Dit gevoel is begrijpelijk, maar in werkelijkheid is het niet zo dat alleen de vergoeding voor overwerk of de bonus extra belasting vergen. Wat er gebeurt, is dat de totale belasting op het loon toeneemt. Wanneer het inkomen stijgt, gaat het belastingtarief voor loon- en inkomstenbelasting vaak omhoog. Bovendien verminderen de heffingskortingen, die kortingen zijn op de belasting, zodra je inkomen boven een bepaald niveau komt. Dit betekent niet dat extra loon vanwege overwerk of een bonus zwaarder wordt belast; het gaat erom dat het totaal loon hoger is, wat leidt tot een grotere belastingdruk.
Snap je het nog? Dit is een ingewikkeld systeem dat ook in de politiek besproken wordt. Voorlopig moeten we hier echter mee aan de slag. In deze advieswijzer geven we een uitleg voor zowel werkgevers als werknemers om dit te verduidelijken.
Voordat werkgevers het loon kunnen uitbetalen, moeten ze eerst de loonbelasting en premies voor volksverzekeringen berekenen. Samen vormen deze de loonheffing. De werkgever houdt deze loonheffing van het brutoloon in en betaalt deze aan de Belastingdienst. Het berekenen van de loonheffing houdt in dat een percentage wordt toegepast, verminderd met de heffingskortingen, die de zaak vaak ondoorzichtig maken. Hieronder volgt een nadere toelichting.
De hoogte van het toe te passen tarief hangt af van het loon dat een werknemer ontvangt. In 2025 is dit tarief voor werknemers onder de AOW-leeftijd 35,82% tot een jaarloon van € 38.440. Voor een jaarloon van € 38.441 tot en met € 76.817 geldt 37,48%. Voor inkomens daarboven bedraagt het tarief 49,50%.
Naast het tarief in rekening brengen, moet de werkgever ook de heffingskortingen in acht nemen. Heffingskortingen zijn bedragen die worden afgetrokken van de belasting die je moet betalen. Eerst berekent de werkgever de belasting en premies op basis van het tarief, waarna de heffingskortingen het te betalen bedrag verlagen. Het resterende bedrag is wat de werkgever van het brutoloon in moet houden en betalen aan de Belastingdienst.
Voorbeeld
Stel, je verdient € 2.200 per maand.
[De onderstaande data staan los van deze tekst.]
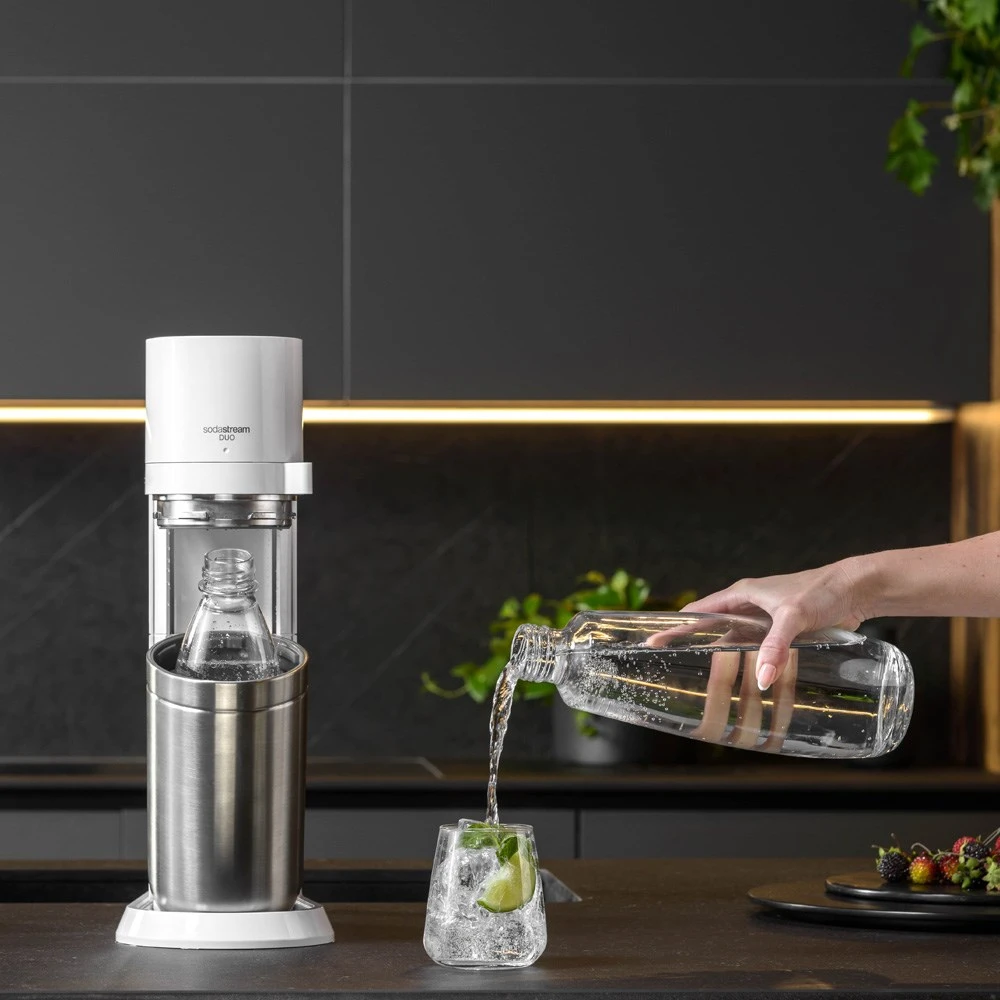 The SodaStream Duo Sparkling Water Maker is the most advanced way to sparkle your water. Create high-quality sparkling water at your convenience from home, with an environmentally friendly alternative to purchasing single bottles of sparkling water. Constructed from stainless steel and high-quality materials for durability, the Duo boasts a modern, premium aesthetic to compliment any kitchen décor. With its streamlined and compact design, the Duo fits under any kitchen cupboard. Time is no issue with a Quick Connect C02 cylinder for fast, one click cylinder insertion, turning tap water into Sparkling Water in seconds. This set also includes two dishwasher safe bottles and one C02 cylinder, creating up to 60L of sparkling water per cylinder.

De in te houden belasting door de werkgever bedraagt dan € 788 (35,82% van € 2.200). Als je recht hebt op € 694 aan heffingskortingen, houdt de werkgever geen € 788 in, maar slechts € 94 (€ 788 - € 694). Hierdoor houd je netto € 2.106 over (€ 2.200 - € 94). Hoewel het werkelijke tarief dus 35,82% is, ervaar je een belastingdruk van 4,27% (€ 94 gedeeld door € 2.200, vermenigvuldigd met 100%).
Heffingskortingen worden altijd volledig benut bij het berekenen van de heffing op je reguliere maandelijkse salaris. Dit zorgt ervoor dat elke werknemer recht heeft op die korting. Als je bijvoorbeeld recht hebt op € 694 aan heffingskortingen, wordt dit bedrag in zijn geheel in mindering gebracht, zoals in het voorgaande voorbeeld. Dit betekent echter dat als je in een bepaalde maand extra loon ontvangt (bijvoorbeeld door uitbetaling van overuren of een bonus), er geen extra heffingskorting op dat aanvullende loon van toepassing is. De volledige heffingskortingen zijn immers al benut bij het berekenen van het reguliere loon.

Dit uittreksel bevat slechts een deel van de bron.